Engineering Challenge | top

  • Challenge:

    The engineering and fabrication market is very tough and competitive. In the four cases that we have worked with they were all suffering from outdated work practice, a much too broad product/service offering and no consistent sales and marketing strategy.

  • Solution:

    In one case IPL looked at a totally fresh approach tied to a revised niche market business plan, which focused on the unique capability and quality of the companies' activities whilst losing much of the low value client base.  We also refocused the sales and marketing activities and instigated a location move into modern premises where the assets were made to work much better for the company, and in harmony with the accent on quality and efficient working practices.

  • Outcome:

    More sustainable and hungry business strategy, driven from the bottom upwards. Much greater understanding of how to replicate good business habits and mitigate exposure to low margin revenue streams.

Manufacturing Challenge | top

  • Challenge:

    You would be forgiven for thinking that UK plc manufacturing base has a very limited future. IPL has worked with a number of  small and medium size manufacturers who have all needed to change direction and strategy to make sure they could survive and flourish into the 21st century.

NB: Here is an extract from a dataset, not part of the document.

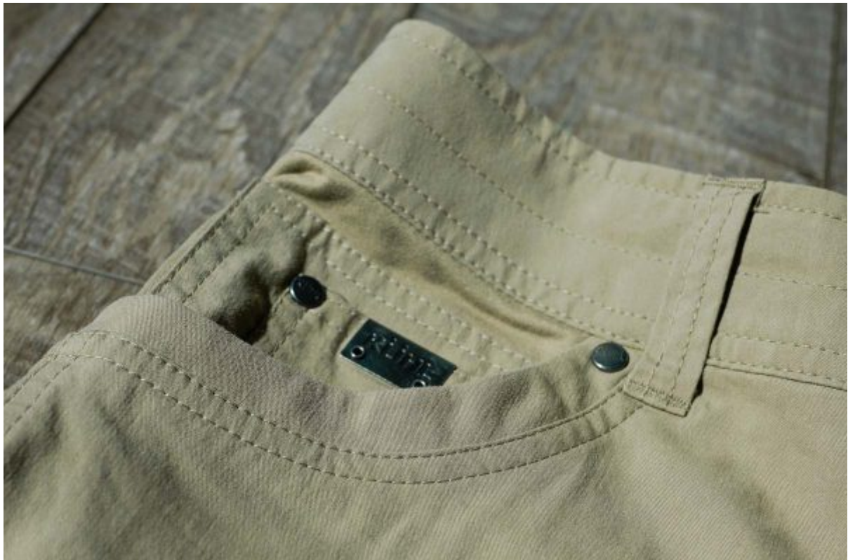
Front pocket with coin pocket

KUHL claims the RADIKL is a quick-drying pant. I'm not sure I'd consider it that, however. The RADIKL does a lot of things well, but as for being quick-drying the cotton content of the main fabric limits that a bit. So for those of you looking for a pant to do some serious backcountry missions, you might want to find something with a bigger synthetic content as getting and staying wet can be, on the low end, annoying. And on the high end, downright dangerous.

    The case study in point was in a very competitive domestic product arena, operating from a difficult non-industrial location. With no one at the helm of the company's fortunes, falling sales and rising costs with a low barrier to entry were just four of the challenges that were faced.

  • Solution:

    Create a realistic business plan that would change and focus the efforts of the management and workforce. They had to reduce stock, release cash and  gain more finished component parts from cooperative suppliers, therefore reducing tooling and operations in house. They had to understand the actual direct and indirect cost levels in real time so that they could regain control of the way the company operated, and identify the profitable work in order to focus less on the low profit income. They were required to focus on warranty and quality and not price alone.

  • Outcome:

    The company reduced its exposure to increasing market pressures.  Managed cash flow much better and stabilised its working capital requirements to allow spending on targeted marketing. The end result was a much more robust business that was run and controlled by its owners to a far higher degree. Exposure reduction.

Printing  & publishing Challenge | top

  • Challenge:

    As anyone will know who works in this sector, new technology has altered this business model dramatically in the last 15 years. If you cannot invest in the right technology and reduce head-count your company is very exposed. 

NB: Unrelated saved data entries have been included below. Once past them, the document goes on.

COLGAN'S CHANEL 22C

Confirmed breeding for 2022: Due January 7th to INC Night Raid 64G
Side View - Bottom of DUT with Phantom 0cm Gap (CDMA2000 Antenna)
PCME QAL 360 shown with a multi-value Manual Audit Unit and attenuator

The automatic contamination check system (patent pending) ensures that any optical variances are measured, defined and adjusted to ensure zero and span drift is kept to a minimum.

    In this case they had invested in high quality technology but had not clearly identified how to maximise this large investment to gain result back onto the bottom line.  They had also not planned resources and management to match this investment with a focus on the what customers actually wanted?  They had no system to measure the ROI, so updated technology was a big financial burden with no sustainable plan to justify this. No written business plan.

  • Solution:

    In a short time IPL had to understand what a unique advantage this capital investment was, and how it could benefit the business and its customers [a reality check]. A revised business plan alongside effective empowerment allowed them to gain more from less whilst streamlining some subsidiary activities which had become a distraction on core activity.  There was also a lack of leadership from board and management level which was coached to a more effective position.

  • Outcome:

    Better appreciation of the value of effective leadership whilst introducing efficient management reporting systems and tools to gather performance data in real time. Gained back control of the company's direction with a more realistic appreciation of good margin focus rather than volume alone. The ROI on updated capital equipment could now be valued as a sustainable increased profit generator.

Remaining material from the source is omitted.